If we did not find any, we run a db.commit()
before we continue
.
This is rather important: We are in a transaction here, and in REPEATABLE READ
isolation that means we get a consistent read view.
If we simply tried again, using only continue
, we would stay in the same transaction and would never see the jobs
table update.
Using the set of candidate ids, we then run the locking SELECT
as discussed above.
This does two things:
- it returns the data, which we pick up using
claimed_records = c.fetchall()
- it also X-locks the rows for claiming them permanently
We generate a list of claimed_ids
from the claimed_records
, and check that this list is non-empty.
If it was empty, we did have a list of candidate ids, but none of them came through.
That means another concurrent process snatched the candidates from us - all of them.
We should be recording this, but are not in this example program.
We then run the actual UPDATE
that marks the jobs as claimed, and updates the owner and the datetime of taking possession.
We need to db.commit()
here to write this status change to disk.
This will now also be visible to other processes.
We can now proceed to actually process these records at our leisure.
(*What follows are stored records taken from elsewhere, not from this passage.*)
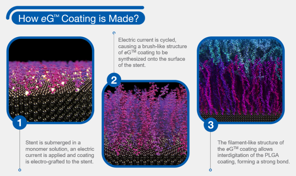 Dengan Patent dari proses electro chemical, eG™ coating (Electro Grafting) adalah lapisan sintesis yang di lapisi pada permukaan stent, diciptakan seperti seperti struktur Filament yang menyatu pada matrix lapisan polimer. Teknik ini Diciptakan agar membentuk lapisan yang kuat ter integritas yang tahan terhadap pengelupasan, pealing, dan retak pada lapisan antara obat dan permukaan stent.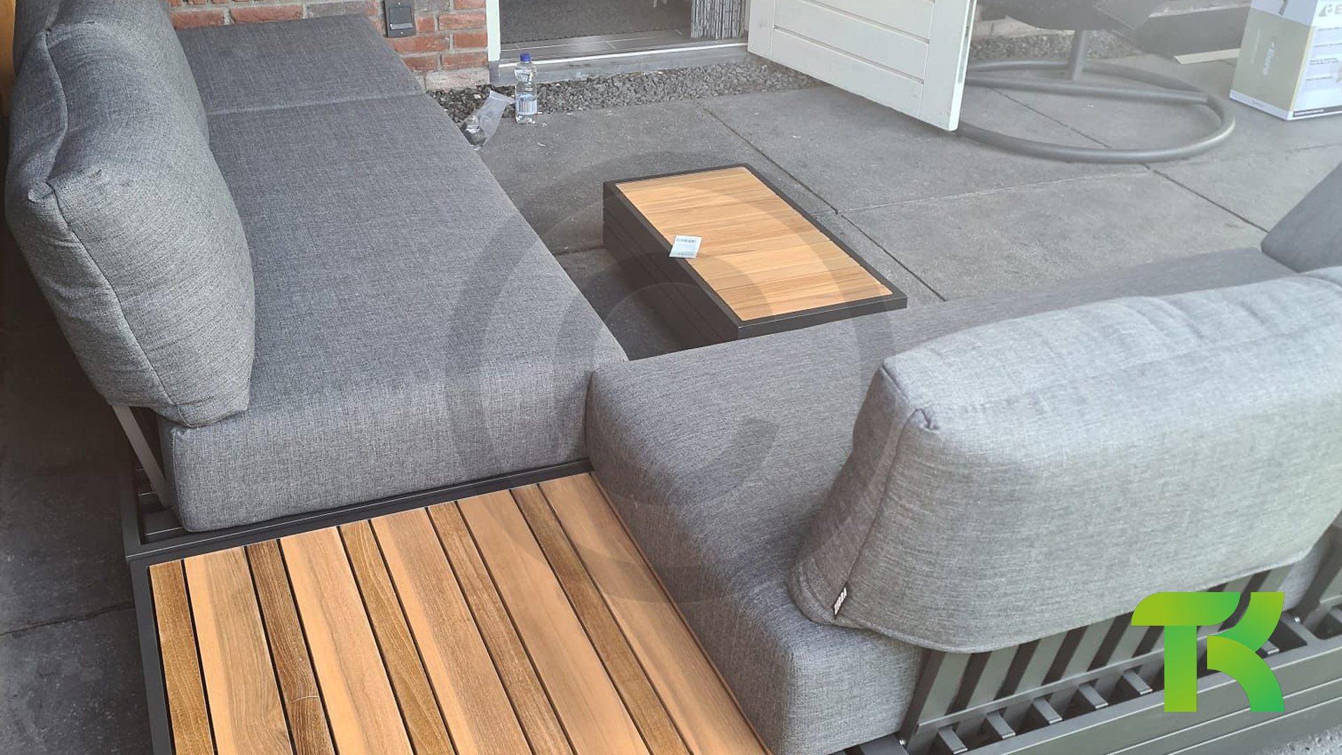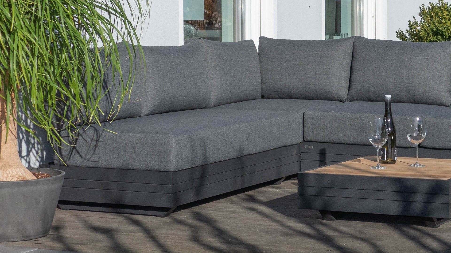 Ihr Set Cubo Lounge verfügt über einen verstellbaren 3-Sitzer und einen 1-Sitzer. Das Gestell besteht aus pulverbeschichteten Aluminium in der Farbe graphite und die Ablage-Elemente aus zertifiziertem Teakholz. Aluminium vereint ein geringes Gewicht mit einer hohen Robustheit. Teakholz gilt als das beste Holz für Möbel im Außenbereich. Es muss nicht imprägniert oder besonders schutzbehandelt werden. Der hohe Gehalt an natürlichen Ölen macht das Holz besonders witterungsbeständig. Im Laufe der Zeit bekommt Teak eine unverwechselbare, silbergraue Patina. Das ist normal und beeinträchtigt die Qualität und Lebensdauer des Moduls in keiner Weise. Teak lässt sich einfach und schnell reinigen und pflegen.
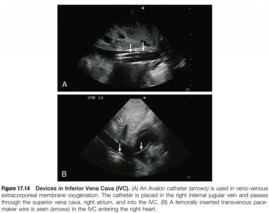 증환자에서 여러 device들이 IVC를 통해 삽입된다(eg, femorally inserted temporary pacemakers, bicaval veno-venous catheters for extracorporeal membrane oxygenation [ECMO], IVC filters, etc.). IVC ultrasound를 이용해서 precedure 동안에 placement가 잘 이루어졌는지, inadvertent dislodgement나 procedure 후 migration이 일어나지 않았는지 확인할 수 있다(figure 17.14).

This may take time, which we simulate with a tiny wait.
After processing has finished, we delete the jobs from the jobs
table, and commit again to make the deletion visible.
Run log
Here is a short test run protocol:
(venv) mysql-dev-examples/mysql-claim-jobs$ ./mysql-claim-jobs.py --help
Usage: mysql-claim-jobs.py [OPTIONS] COMMAND [ARGS]...
Generate and consume jobs concurrently
Options:
--help Show this message and exit.
Commands:
setup-tables Recreate jobs table
start-processing Run job creation and consumer jobs
(venv) mysql-dev-examples/mysql-claim-jobs$ ./mysql-claim-jobs.py setup-tables
(venv) mysql-dev-examples/mysql-claim-jobs$ ./mysql-claim-jobs.py start-processing
consumer 4 #records = 1 - [1]
consumer 3 #records = 1 - [5]
consumer 8 #records = 1 - [17]
consumer 6 #records = 1 - [13]
consumer 7 #records = 1 - [15]
consumer 10 #records = 1 - [11]
consumer 2 #records = 1 - [12]
consumer 1 #records = 1 - [9]
consumer 9 #records = 1 - [3]
consumer 5 #records = 1 - [7]
consumer 7 #records = 4 - [36, 59, 62, 109]
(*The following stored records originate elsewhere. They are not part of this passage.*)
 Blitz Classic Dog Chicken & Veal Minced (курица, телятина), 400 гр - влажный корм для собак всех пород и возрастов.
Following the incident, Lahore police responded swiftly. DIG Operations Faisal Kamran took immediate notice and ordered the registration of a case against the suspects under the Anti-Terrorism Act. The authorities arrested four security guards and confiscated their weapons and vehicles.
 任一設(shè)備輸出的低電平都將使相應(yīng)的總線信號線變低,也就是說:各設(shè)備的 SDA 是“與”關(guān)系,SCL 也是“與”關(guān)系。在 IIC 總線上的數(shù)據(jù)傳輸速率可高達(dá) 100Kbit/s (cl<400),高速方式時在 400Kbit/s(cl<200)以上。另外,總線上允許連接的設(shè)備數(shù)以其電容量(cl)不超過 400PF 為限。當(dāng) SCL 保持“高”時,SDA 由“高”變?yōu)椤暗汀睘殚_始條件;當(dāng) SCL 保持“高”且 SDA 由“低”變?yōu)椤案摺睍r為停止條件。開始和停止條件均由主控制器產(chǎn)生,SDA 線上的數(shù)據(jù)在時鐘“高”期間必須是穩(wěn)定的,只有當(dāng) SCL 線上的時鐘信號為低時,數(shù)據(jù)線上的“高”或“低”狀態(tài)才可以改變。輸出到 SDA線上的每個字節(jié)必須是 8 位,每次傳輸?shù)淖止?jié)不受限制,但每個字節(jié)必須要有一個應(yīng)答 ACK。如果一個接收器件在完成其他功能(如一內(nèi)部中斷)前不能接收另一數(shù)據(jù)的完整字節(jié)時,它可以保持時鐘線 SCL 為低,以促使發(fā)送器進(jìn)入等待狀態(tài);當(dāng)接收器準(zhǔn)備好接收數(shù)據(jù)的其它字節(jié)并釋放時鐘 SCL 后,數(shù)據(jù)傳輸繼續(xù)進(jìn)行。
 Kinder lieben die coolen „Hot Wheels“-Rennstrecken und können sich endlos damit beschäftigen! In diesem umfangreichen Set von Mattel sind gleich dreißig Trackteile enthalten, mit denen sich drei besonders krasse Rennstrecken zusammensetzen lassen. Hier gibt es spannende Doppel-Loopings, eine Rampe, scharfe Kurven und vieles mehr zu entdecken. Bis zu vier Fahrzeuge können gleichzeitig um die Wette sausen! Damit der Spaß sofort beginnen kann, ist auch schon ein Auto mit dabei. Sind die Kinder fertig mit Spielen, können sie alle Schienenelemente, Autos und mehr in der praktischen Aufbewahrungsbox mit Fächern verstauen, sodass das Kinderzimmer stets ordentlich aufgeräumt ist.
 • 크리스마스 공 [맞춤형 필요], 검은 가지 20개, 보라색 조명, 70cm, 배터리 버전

consumer 9 #records = 5 - [44, 85, 113, 119, 127]
consumer 8 #records = 3 - [72, 79, 126]
consumer 5 #records = 5 - [45, 63, 80, 94, 95]
consumer 10 #records = 1 - [51]
consumer 3 #records = 7 - [2, 14, 22, 53, 68, 120, 140]
consumer 1 #records = 4 - [23, 97, 115, 122]
consumer 2 #records = 6 - [4, 47, 65, 99, 103, 105]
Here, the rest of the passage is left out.